WHAT IS NEEDED. Output the complete listing exactly, please, and keep the pictures out of it.

SUPPLIED DATA.

Segment Open

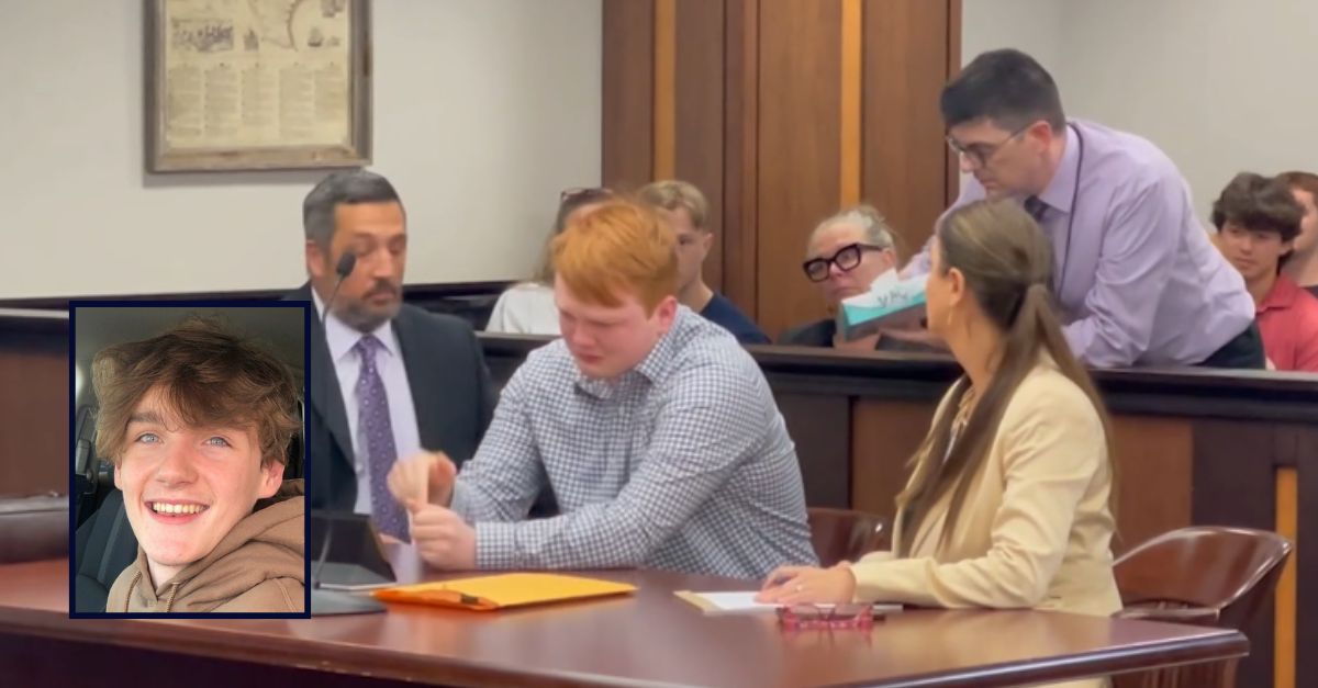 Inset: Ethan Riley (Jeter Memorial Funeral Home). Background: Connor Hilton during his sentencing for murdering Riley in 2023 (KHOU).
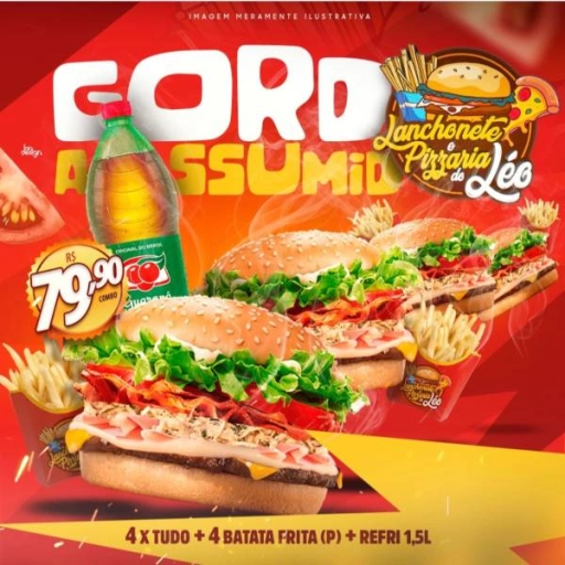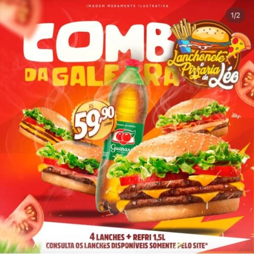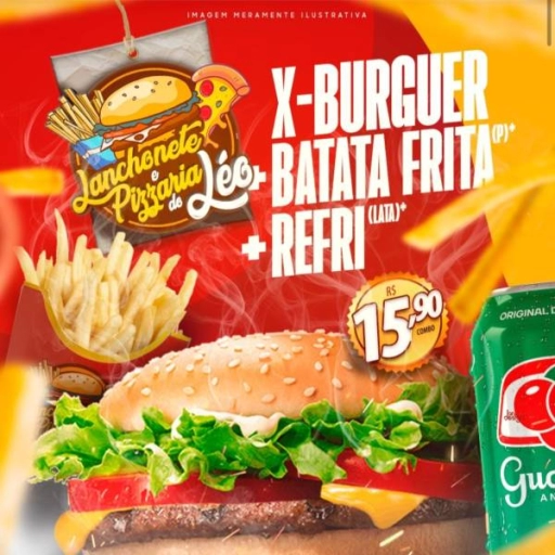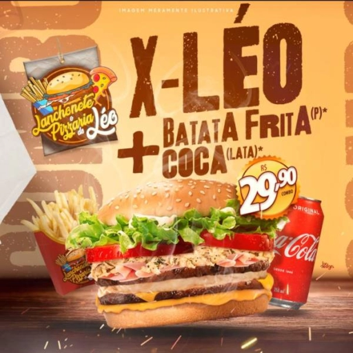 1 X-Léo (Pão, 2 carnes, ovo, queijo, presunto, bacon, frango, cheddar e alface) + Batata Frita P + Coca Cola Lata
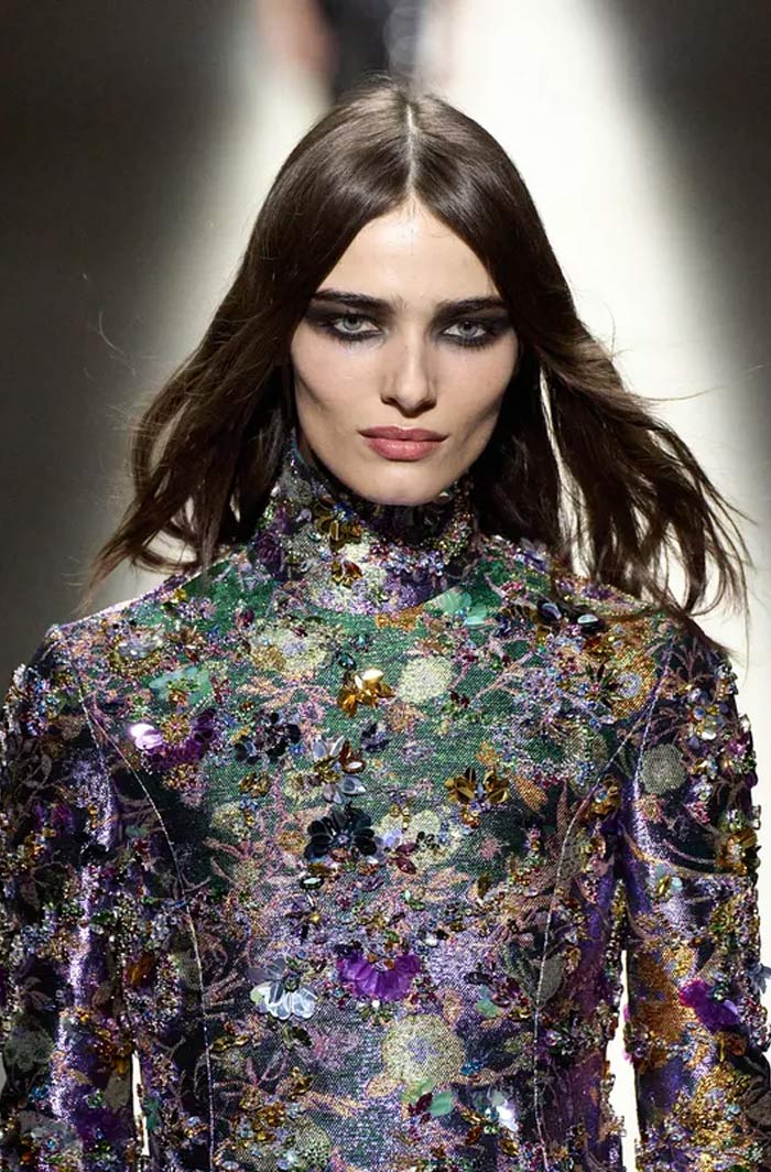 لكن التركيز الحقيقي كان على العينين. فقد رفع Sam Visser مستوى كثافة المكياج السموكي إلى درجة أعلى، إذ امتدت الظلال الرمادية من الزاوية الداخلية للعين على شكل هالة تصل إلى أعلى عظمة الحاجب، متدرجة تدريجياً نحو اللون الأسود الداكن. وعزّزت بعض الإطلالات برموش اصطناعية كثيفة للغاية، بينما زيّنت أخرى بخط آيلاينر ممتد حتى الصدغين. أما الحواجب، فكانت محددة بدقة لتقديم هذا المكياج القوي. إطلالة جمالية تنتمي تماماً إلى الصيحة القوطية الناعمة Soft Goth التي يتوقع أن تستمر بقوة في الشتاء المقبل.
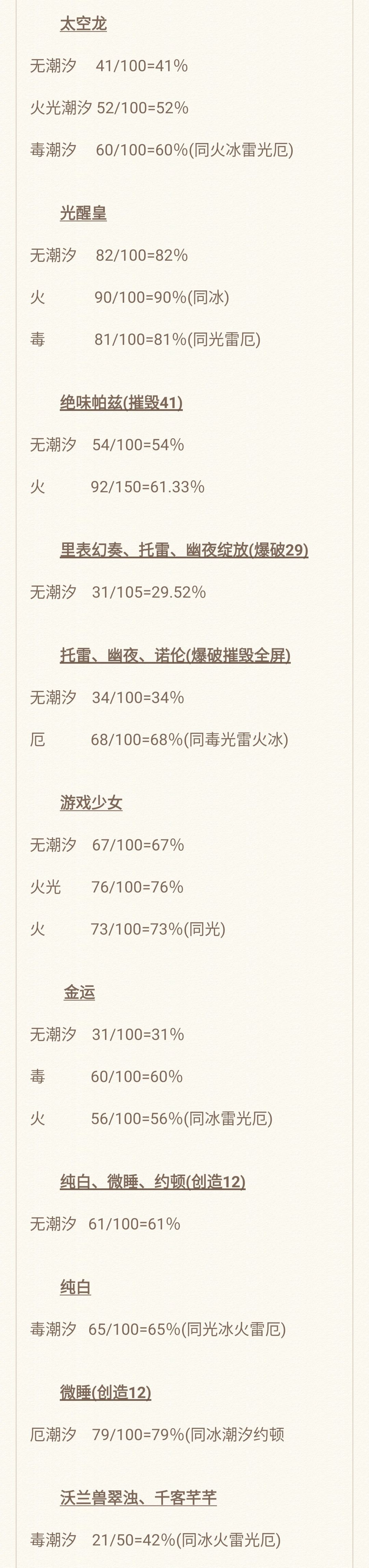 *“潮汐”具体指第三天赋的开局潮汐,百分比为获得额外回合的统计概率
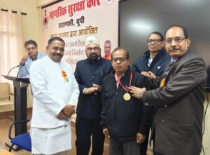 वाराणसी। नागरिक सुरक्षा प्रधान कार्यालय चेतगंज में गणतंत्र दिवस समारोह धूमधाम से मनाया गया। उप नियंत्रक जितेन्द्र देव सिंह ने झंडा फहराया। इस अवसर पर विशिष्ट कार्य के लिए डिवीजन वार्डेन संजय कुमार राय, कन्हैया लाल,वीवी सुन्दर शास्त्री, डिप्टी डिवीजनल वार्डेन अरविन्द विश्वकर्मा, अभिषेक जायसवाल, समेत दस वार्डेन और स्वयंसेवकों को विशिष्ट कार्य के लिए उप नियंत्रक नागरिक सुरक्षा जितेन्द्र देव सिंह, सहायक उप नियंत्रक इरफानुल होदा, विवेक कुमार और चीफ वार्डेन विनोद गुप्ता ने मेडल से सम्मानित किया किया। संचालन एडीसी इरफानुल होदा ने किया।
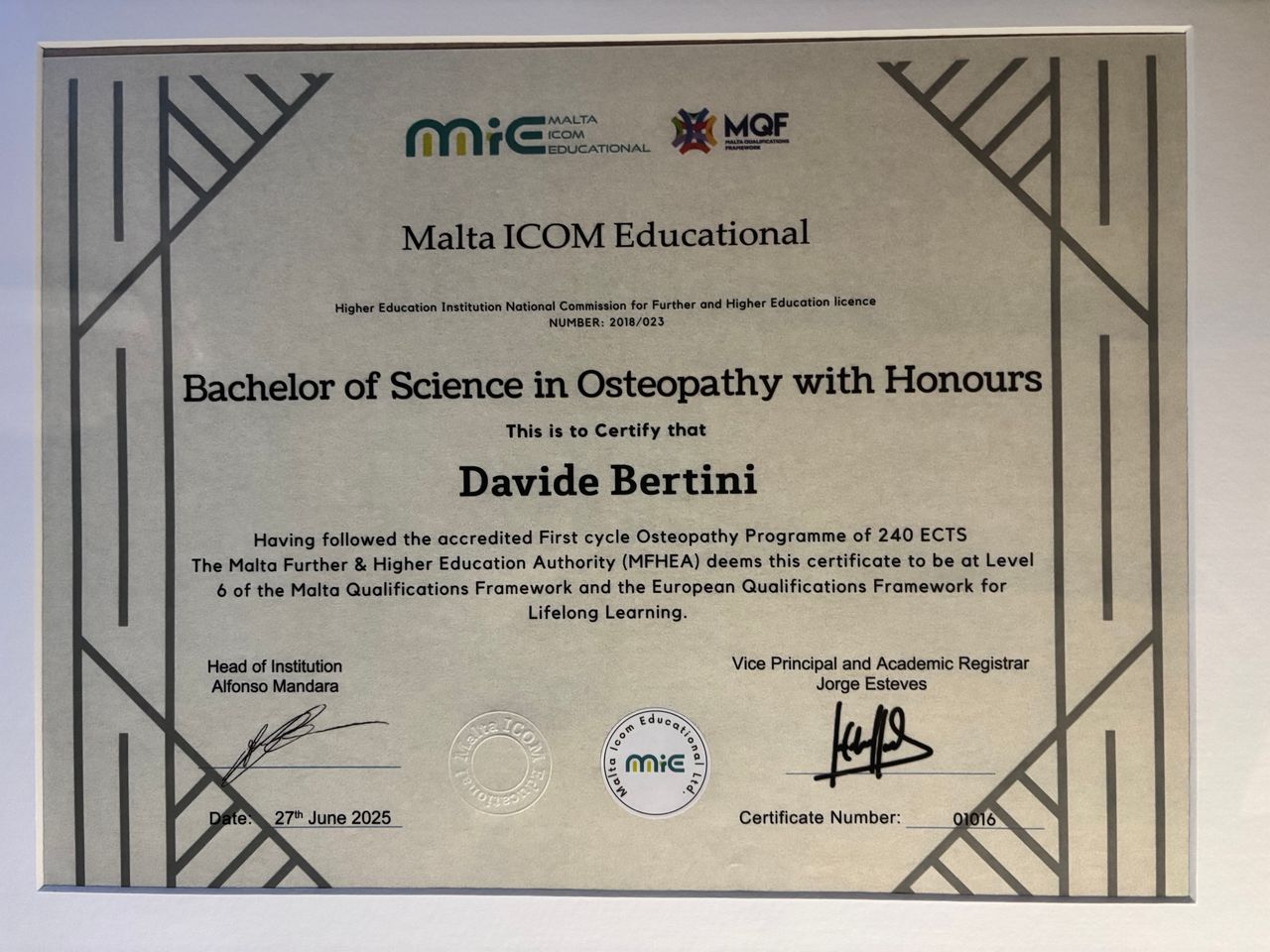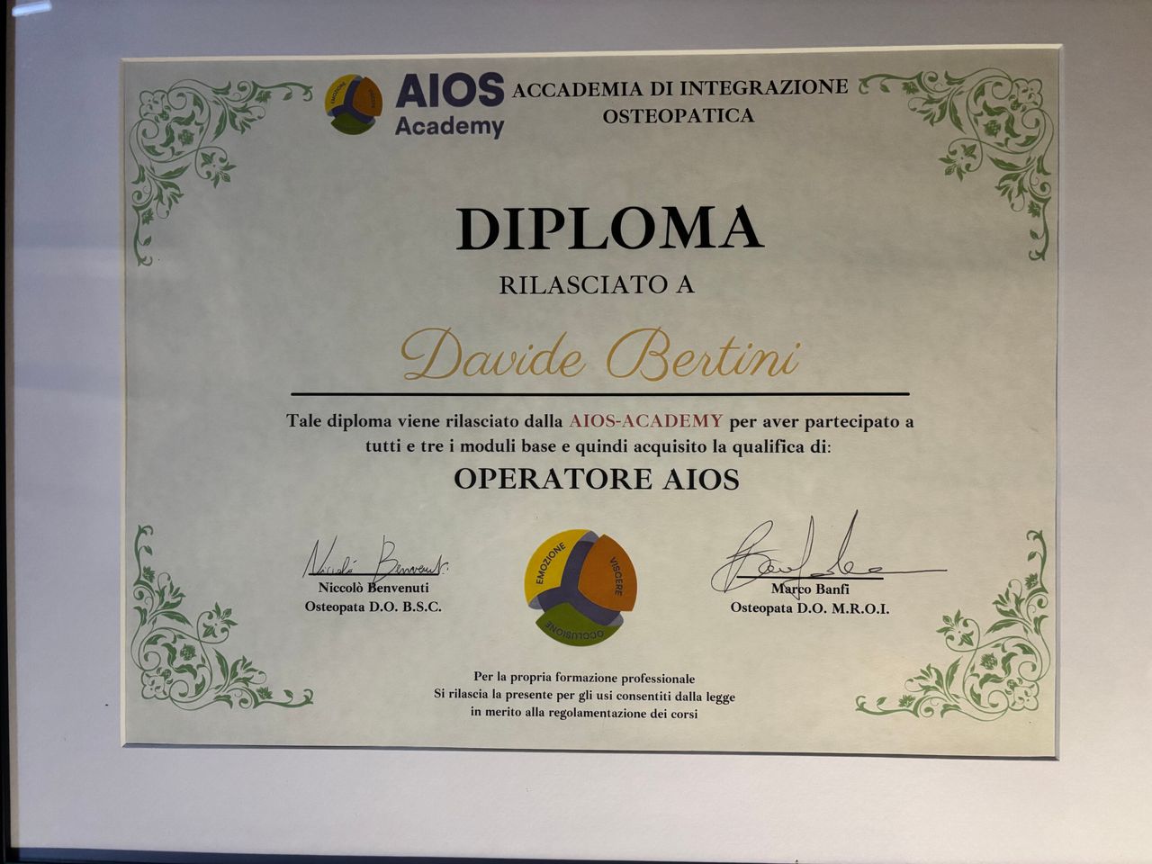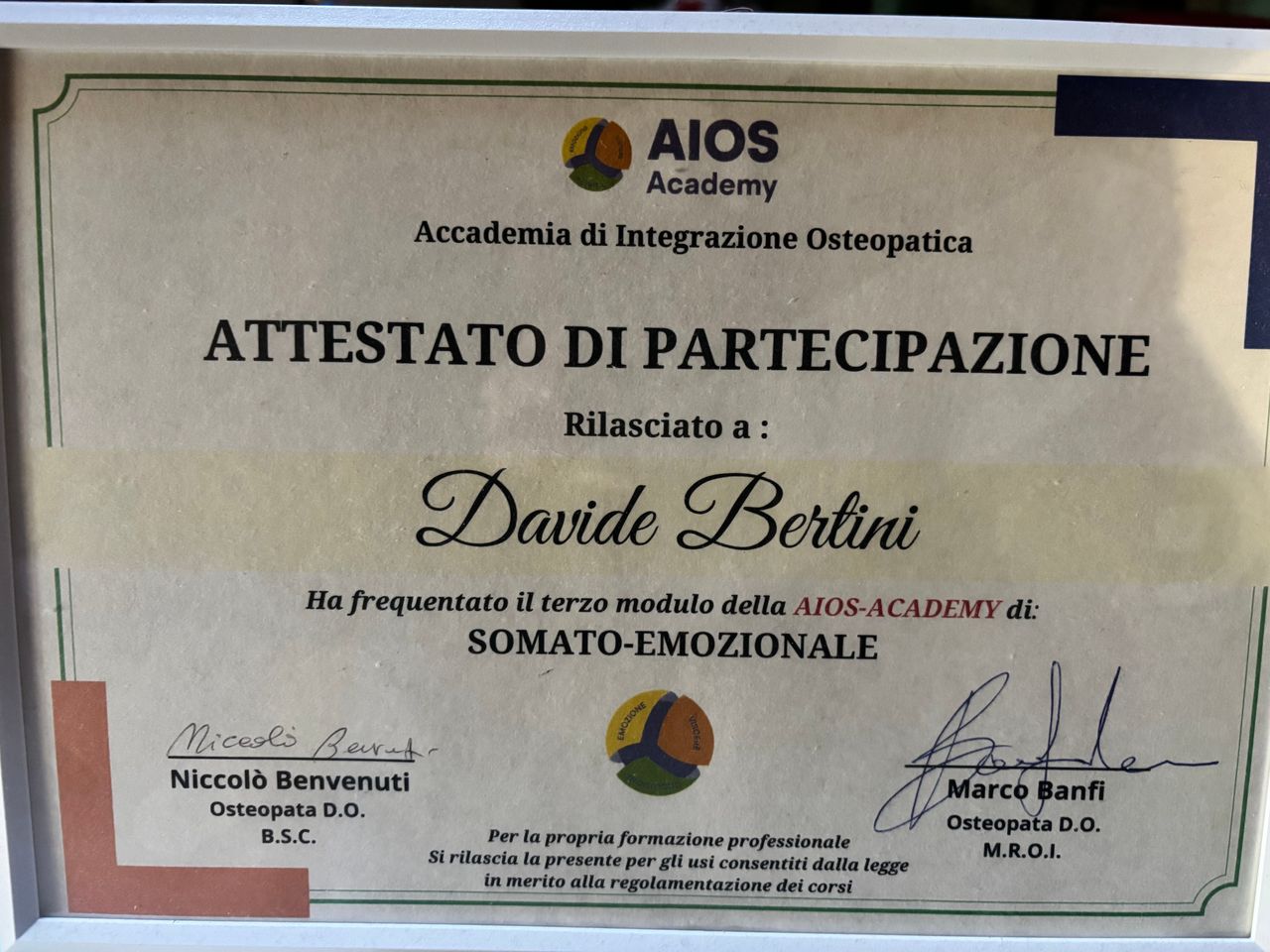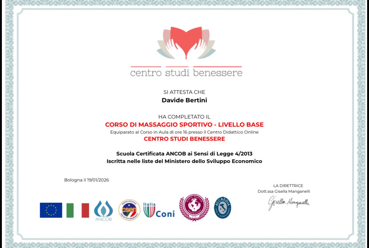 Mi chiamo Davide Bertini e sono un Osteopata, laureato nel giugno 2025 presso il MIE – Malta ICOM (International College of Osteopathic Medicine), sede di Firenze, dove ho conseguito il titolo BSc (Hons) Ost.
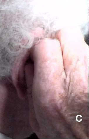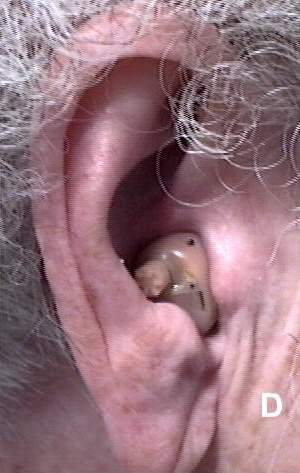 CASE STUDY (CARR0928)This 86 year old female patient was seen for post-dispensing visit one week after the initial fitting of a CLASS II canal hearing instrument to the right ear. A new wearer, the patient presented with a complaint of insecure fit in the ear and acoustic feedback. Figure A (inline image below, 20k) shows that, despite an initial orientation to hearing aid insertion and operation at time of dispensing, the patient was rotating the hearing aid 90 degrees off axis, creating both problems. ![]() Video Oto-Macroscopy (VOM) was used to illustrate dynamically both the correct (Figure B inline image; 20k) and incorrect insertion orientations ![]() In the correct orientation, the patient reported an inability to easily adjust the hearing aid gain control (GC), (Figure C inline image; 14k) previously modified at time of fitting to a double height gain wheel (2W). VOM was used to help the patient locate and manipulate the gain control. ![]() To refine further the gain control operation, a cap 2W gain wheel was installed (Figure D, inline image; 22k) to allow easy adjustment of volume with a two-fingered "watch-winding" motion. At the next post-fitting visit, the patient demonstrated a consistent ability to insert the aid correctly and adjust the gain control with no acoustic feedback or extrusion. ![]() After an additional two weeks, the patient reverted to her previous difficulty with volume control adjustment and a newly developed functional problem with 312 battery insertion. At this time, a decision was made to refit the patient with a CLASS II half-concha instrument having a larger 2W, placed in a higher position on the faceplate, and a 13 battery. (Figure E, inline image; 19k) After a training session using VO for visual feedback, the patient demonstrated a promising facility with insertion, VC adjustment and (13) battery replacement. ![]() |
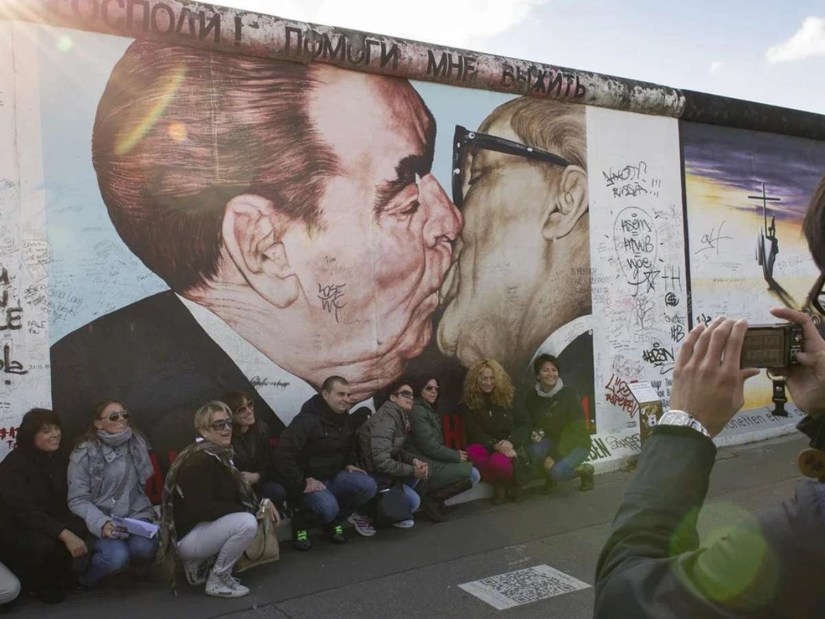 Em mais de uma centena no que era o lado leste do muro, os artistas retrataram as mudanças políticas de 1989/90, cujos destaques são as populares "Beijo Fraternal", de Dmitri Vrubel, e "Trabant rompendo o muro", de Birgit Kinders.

Segment Closed

SOLUTION TO THE EXERCISE.
 Inset: Ethan Riley (Jeter Memorial Funeral Home). Background: Connor Hilton during his sentencing for murdering Riley in 2023 (KHOU).
 1 X-Léo (Pão, 2 carnes, ovo, queijo, presunto, bacon, frango, cheddar e alface) + Batata Frita P + Coca Cola Lata
 لكن التركيز الحقيقي كان على العينين. فقد رفع Sam Visser مستوى كثافة المكياج السموكي إلى درجة أعلى، إذ امتدت الظلال الرمادية من الزاوية الداخلية للعين على شكل هالة تصل إلى أعلى عظمة الحاجب، متدرجة تدريجياً نحو اللون الأسود الداكن. وعزّزت بعض الإطلالات برموش اصطناعية كثيفة للغاية، بينما زيّنت أخرى بخط آيلاينر ممتد حتى الصدغين. أما الحواجب، فكانت محددة بدقة لتقديم هذا المكياج القوي. إطلالة جمالية تنتمي تماماً إلى الصيحة القوطية الناعمة Soft Goth التي يتوقع أن تستمر بقوة في الشتاء المقبل.
 *“潮汐”具体指第三天赋的开局潮汐,百分比为获得额外回合的统计概率
 वाराणसी। नागरिक सुरक्षा प्रधान कार्यालय चेतगंज में गणतंत्र दिवस समारोह धूमधाम से मनाया गया। उप नियंत्रक जितेन्द्र देव सिंह ने झंडा फहराया। इस अवसर पर विशिष्ट कार्य के लिए डिवीजन वार्डेन संजय कुमार राय, कन्हैया लाल,वीवी सुन्दर शास्त्री, डिप्टी डिवीजनल वार्डेन अरविन्द विश्वकर्मा, अभिषेक जायसवाल, समेत दस वार्डेन और स्वयंसेवकों को विशिष्ट कार्य के लिए उप नियंत्रक नागरिक सुरक्षा जितेन्द्र देव सिंह, सहायक उप नियंत्रक इरफानुल होदा, विवेक कुमार और चीफ वार्डेन विनोद गुप्ता ने मेडल से सम्मानित किया किया। संचालन एडीसी इरफानुल होदा ने किया।
 Mi chiamo Davide Bertini e sono un Osteopata, laureato nel giugno 2025 presso il MIE – Malta ICOM (International College of Osteopathic Medicine), sede di Firenze, dove ho conseguito il titolo BSc (Hons) Ost.
 CASE STUDY (CARR0928)This 86 year old female patient was seen for post-dispensing visit one week after the initial fitting of a CLASS II canal hearing instrument to the right ear. A new wearer, the patient presented with a complaint of insecure fit in the ear and acoustic feedback. Figure A (inline image below, 20k) shows that, despite an initial orientation to hearing aid insertion and operation at time of dispensing, the patient was rotating the hearing aid 90 degrees off axis, creating both problems. ![]() Video Oto-Macroscopy (VOM) was used to illustrate dynamically both the correct (Figure B inline image; 20k) and incorrect insertion orientations ![]() In the correct orientation, the patient reported an inability to easily adjust the hearing aid gain control (GC), (Figure C inline image; 14k) previously modified at time of fitting to a double height gain wheel (2W). VOM was used to help the patient locate and manipulate the gain control. ![]() To refine further the gain control operation, a cap 2W gain wheel was installed (Figure D, inline image; 22k) to allow easy adjustment of volume with a two-fingered "watch-winding" motion. At the next post-fitting visit, the patient demonstrated a consistent ability to insert the aid correctly and adjust the gain control with no acoustic feedback or extrusion. ![]() After an additional two weeks, the patient reverted to her previous difficulty with volume control adjustment and a newly developed functional problem with 312 battery insertion. At this time, a decision was made to refit the patient with a CLASS II half-concha instrument having a larger 2W, placed in a higher position on the faceplate, and a 13 battery. (Figure E, inline image; 19k) After a training session using VO for visual feedback, the patient demonstrated a promising facility with insertion, VC adjustment and (13) battery replacement. ![]() |
 Em mais de uma centena no que era o lado leste do muro, os artistas retrataram as mudanças políticas de 1989/90, cujos destaques são as populares "Beijo Fraternal", de Dmitri Vrubel, e "Trabant rompendo o muro", de Birgit Kinders.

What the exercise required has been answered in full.